*Entries taken from a collection*.
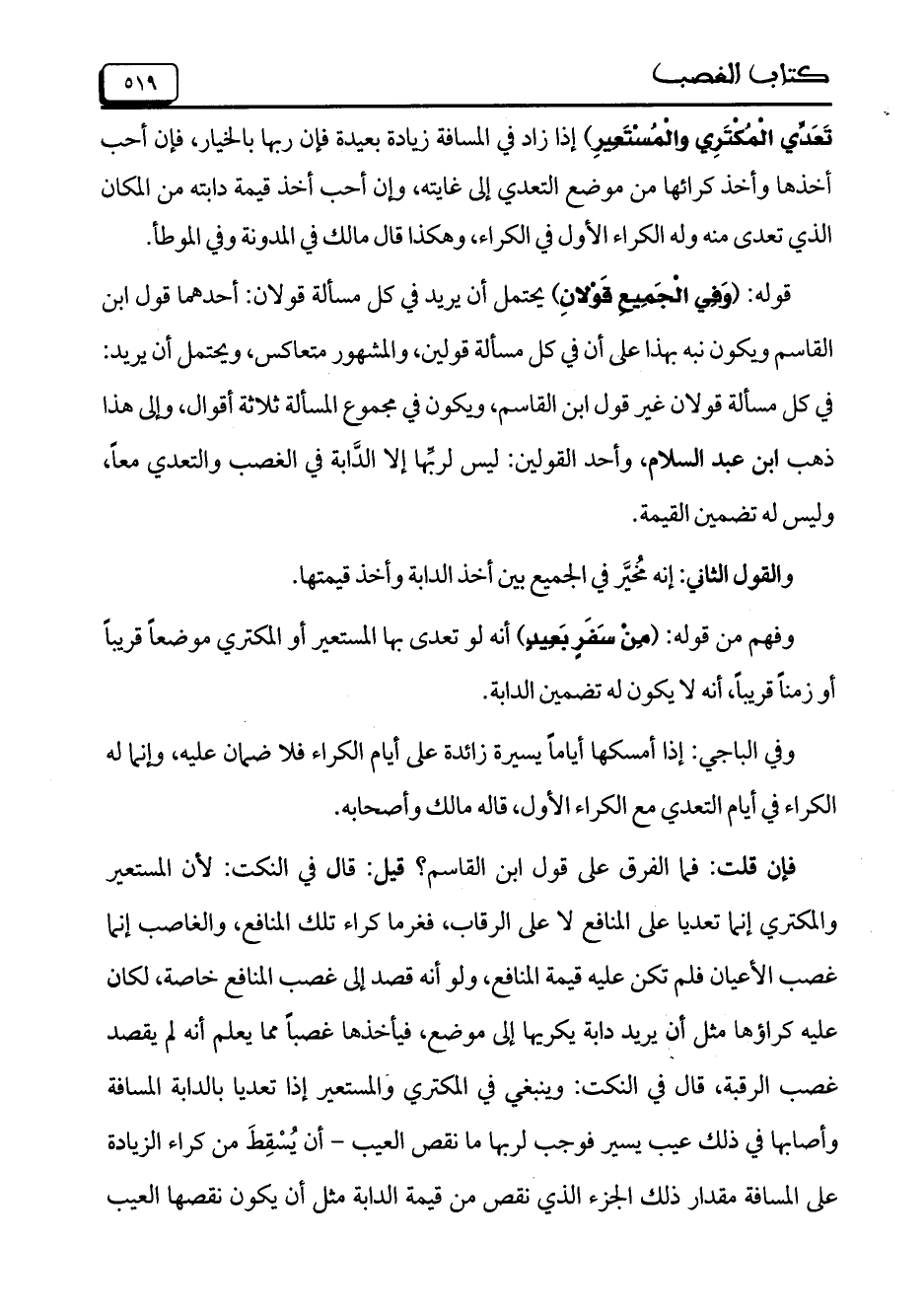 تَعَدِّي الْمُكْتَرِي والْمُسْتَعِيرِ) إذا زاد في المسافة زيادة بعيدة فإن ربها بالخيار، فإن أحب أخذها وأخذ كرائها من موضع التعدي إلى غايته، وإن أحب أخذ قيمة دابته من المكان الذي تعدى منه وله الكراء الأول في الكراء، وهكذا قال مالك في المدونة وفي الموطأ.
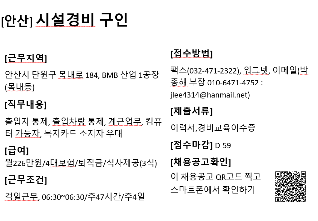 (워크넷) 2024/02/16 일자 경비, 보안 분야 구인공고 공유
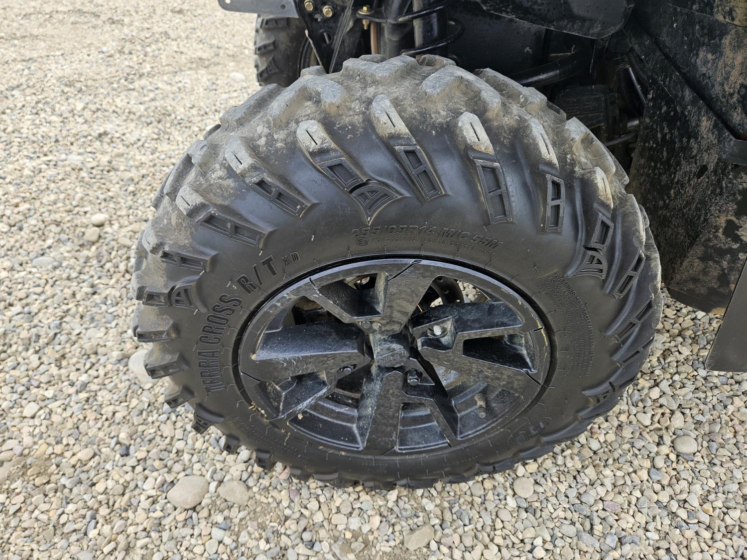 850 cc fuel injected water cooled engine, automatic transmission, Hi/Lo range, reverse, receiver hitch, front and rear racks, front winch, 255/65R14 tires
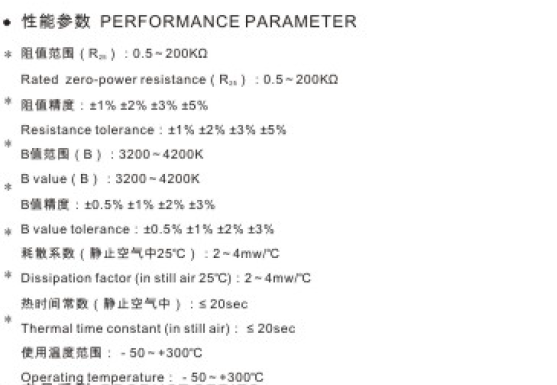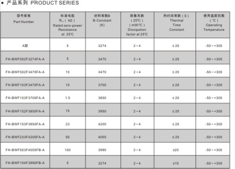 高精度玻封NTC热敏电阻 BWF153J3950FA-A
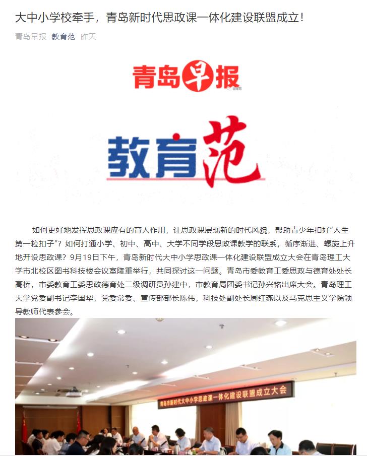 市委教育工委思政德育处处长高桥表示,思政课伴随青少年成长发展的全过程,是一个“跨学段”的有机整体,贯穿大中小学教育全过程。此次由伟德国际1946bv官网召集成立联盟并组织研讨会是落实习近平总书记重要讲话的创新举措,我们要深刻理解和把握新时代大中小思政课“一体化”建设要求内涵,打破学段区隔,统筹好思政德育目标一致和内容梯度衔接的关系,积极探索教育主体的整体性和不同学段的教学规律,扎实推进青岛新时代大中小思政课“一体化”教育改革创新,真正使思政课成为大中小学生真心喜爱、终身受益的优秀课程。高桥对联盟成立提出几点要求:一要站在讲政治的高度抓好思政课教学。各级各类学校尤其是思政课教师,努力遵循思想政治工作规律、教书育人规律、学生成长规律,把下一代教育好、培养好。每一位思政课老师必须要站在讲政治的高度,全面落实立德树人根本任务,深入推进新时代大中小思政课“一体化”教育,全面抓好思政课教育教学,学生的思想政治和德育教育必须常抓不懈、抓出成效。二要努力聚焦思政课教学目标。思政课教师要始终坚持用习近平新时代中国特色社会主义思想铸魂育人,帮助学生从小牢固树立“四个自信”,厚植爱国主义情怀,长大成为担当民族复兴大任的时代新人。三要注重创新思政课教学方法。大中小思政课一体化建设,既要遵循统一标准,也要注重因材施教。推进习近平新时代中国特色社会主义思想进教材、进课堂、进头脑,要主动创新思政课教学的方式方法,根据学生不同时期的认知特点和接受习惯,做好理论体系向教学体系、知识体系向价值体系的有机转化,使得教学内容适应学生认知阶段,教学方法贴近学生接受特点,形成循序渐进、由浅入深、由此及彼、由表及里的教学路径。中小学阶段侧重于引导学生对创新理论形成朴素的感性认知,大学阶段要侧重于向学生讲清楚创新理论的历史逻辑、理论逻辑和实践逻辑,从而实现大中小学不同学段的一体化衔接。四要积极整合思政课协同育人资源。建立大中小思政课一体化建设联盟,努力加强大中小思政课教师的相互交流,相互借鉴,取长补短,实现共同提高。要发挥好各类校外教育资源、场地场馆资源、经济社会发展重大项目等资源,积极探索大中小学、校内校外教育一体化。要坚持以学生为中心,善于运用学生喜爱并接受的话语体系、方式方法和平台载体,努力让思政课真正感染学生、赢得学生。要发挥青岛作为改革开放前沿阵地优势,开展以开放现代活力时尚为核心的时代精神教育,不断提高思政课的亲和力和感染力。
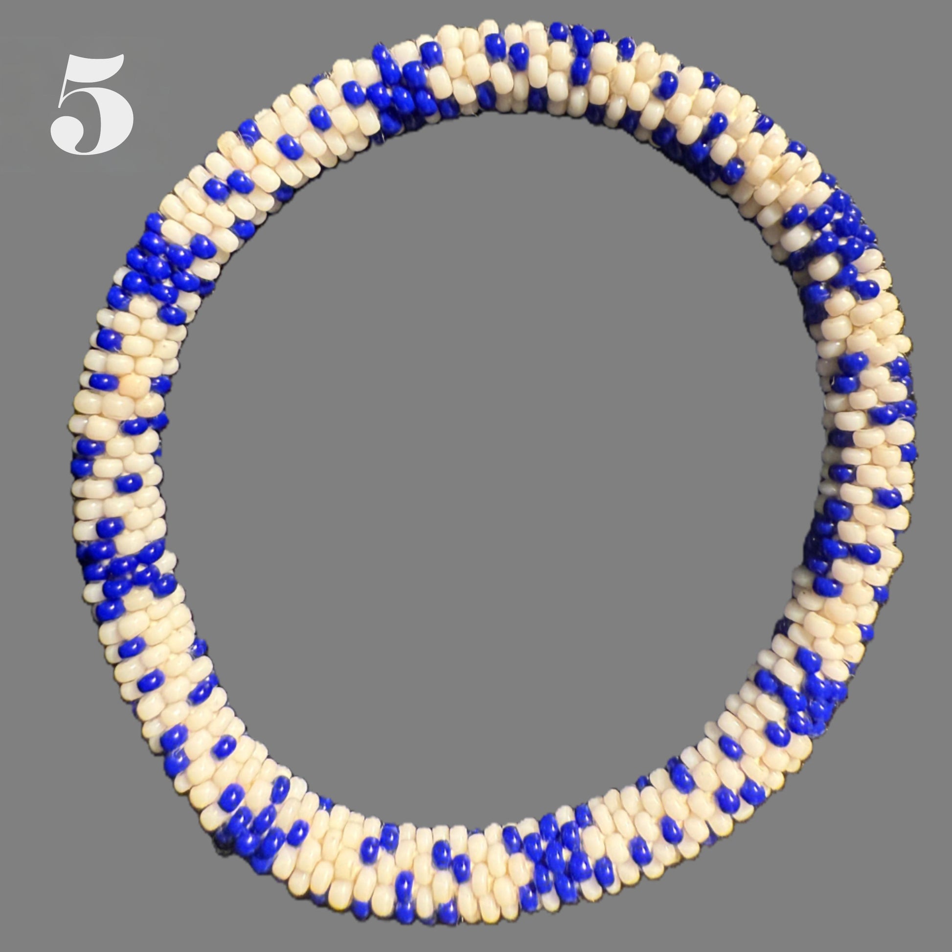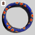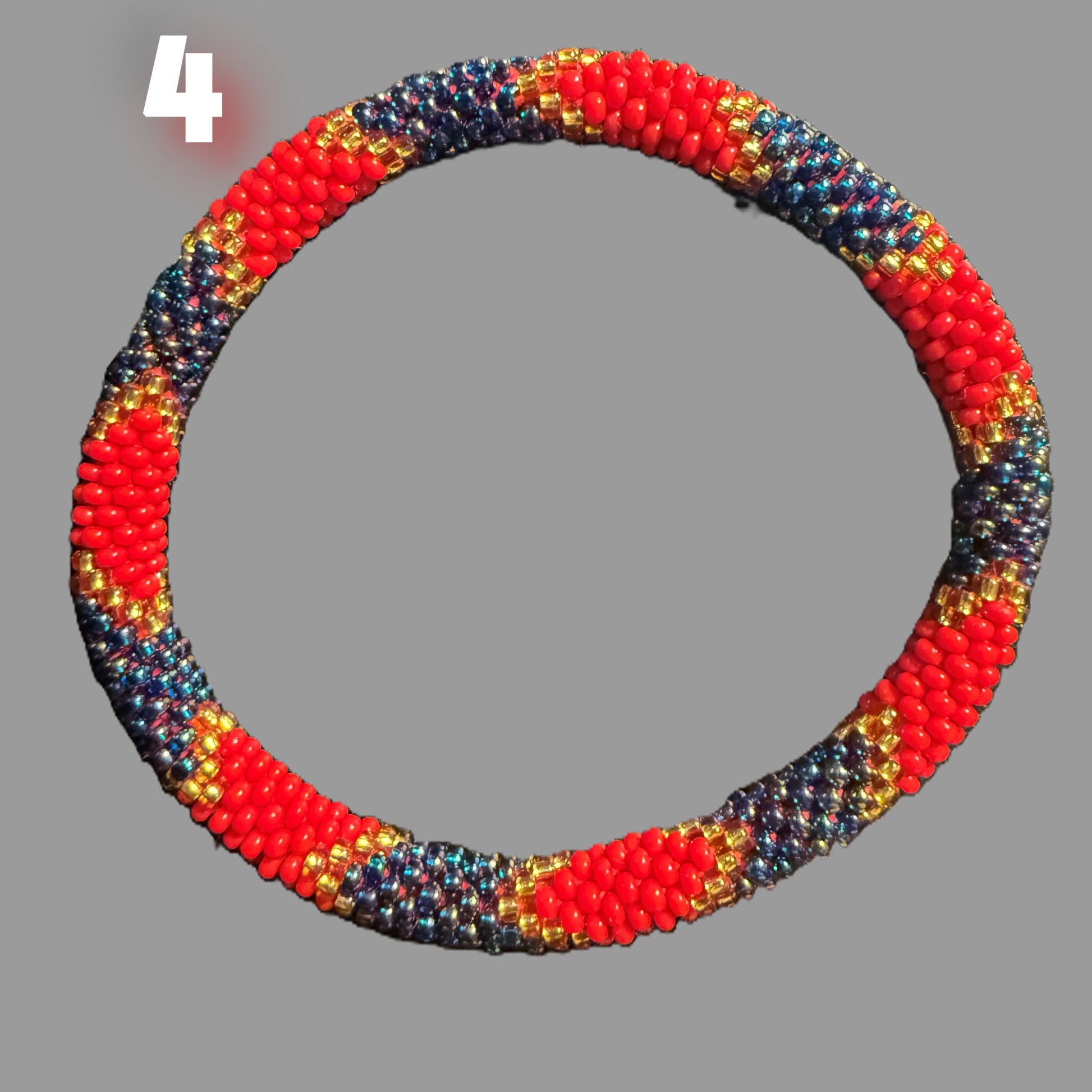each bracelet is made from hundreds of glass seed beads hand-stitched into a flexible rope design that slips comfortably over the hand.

*What to work on*.
What you return must match the lines above from the one with "高精度玻封NTC热敏电阻 BWF153J3950FA-A" through the one with "市委教育工委思政德育处处长高" exactly, with both ends included and the pictures excluded.

*Exercise response*.
 高精度玻封NTC热敏电阻 BWF153J3950FA-A
 市委教育工委思政德育处处长高桥表示,思政课伴随青少年成长发展的全过程,是一个“跨学段”的有机整体,贯穿大中小学教育全过程。此次由伟德国际1946bv官网召集成立联盟并组织研讨会是落实习近平总书记重要讲话的创新举措,我们要深刻理解和把握新时代大中小思政课“一体化”建设要求内涵,打破学段区隔,统筹好思政德育目标一致和内容梯度衔接的关系,积极探索教育主体的整体性和不同学段的教学规律,扎实推进青岛新时代大中小思政课“一体化”教育改革创新,真正使思政课成为大中小学生真心喜爱、终身受益的优秀课程。高桥对联盟成立提出几点要求:一要站在讲政治的高度抓好思政课教学。各级各类学校尤其是思政课教师,努力遵循思想政治工作规律、教书育人规律、学生成长规律,把下一代教育好、培养好。每一位思政课老师必须要站在讲政治的高度,全面落实立德树人根本任务,深入推进新时代大中小思政课“一体化”教育,全面抓好思政课教育教学,学生的思想政治和德育教育必须常抓不懈、抓出成效。二要努力聚焦思政课教学目标。思政课教师要始终坚持用习近平新时代中国特色社会主义思想铸魂育人,帮助学生从小牢固树立“四个自信”,厚植爱国主义情怀,长大成为担当民族复兴大任的时代新人。三要注重创新思政课教学方法。大中小思政课一体化建设,既要遵循统一标准,也要注重因材施教。推进习近平新时代中国特色社会主义思想进教材、进课堂、进头脑,要主动创新思政课教学的方式方法,根据学生不同时期的认知特点和接受习惯,做好理论体系向教学体系、知识体系向价值体系的有机转化,使得教学内容适应学生认知阶段,教学方法贴近学生接受特点,形成循序渐进、由浅入深、由此及彼、由表及里的教学路径。中小学阶段侧重于引导学生对创新理论形成朴素的感性认知,大学阶段要侧重于向学生讲清楚创新理论的历史逻辑、理论逻辑和实践逻辑,从而实现大中小学不同学段的一体化衔接。四要积极整合思政课协同育人资源。建立大中小思政课一体化建设联盟,努力加强大中小思政课教师的相互交流,相互借鉴,取长补短,实现共同提高。要发挥好各类校外教育资源、场地场馆资源、经济社会发展重大项目等资源,积极探索大中小学、校内校外教育一体化。要坚持以学生为中心,善于运用学生喜爱并接受的话语体系、方式方法和平台载体,努力让思政课真正感染学生、赢得学生。要发挥青岛作为改革开放前沿阵地优势,开展以开放现代活力时尚为核心的时代精神教育,不断提高思政课的亲和力和感染力。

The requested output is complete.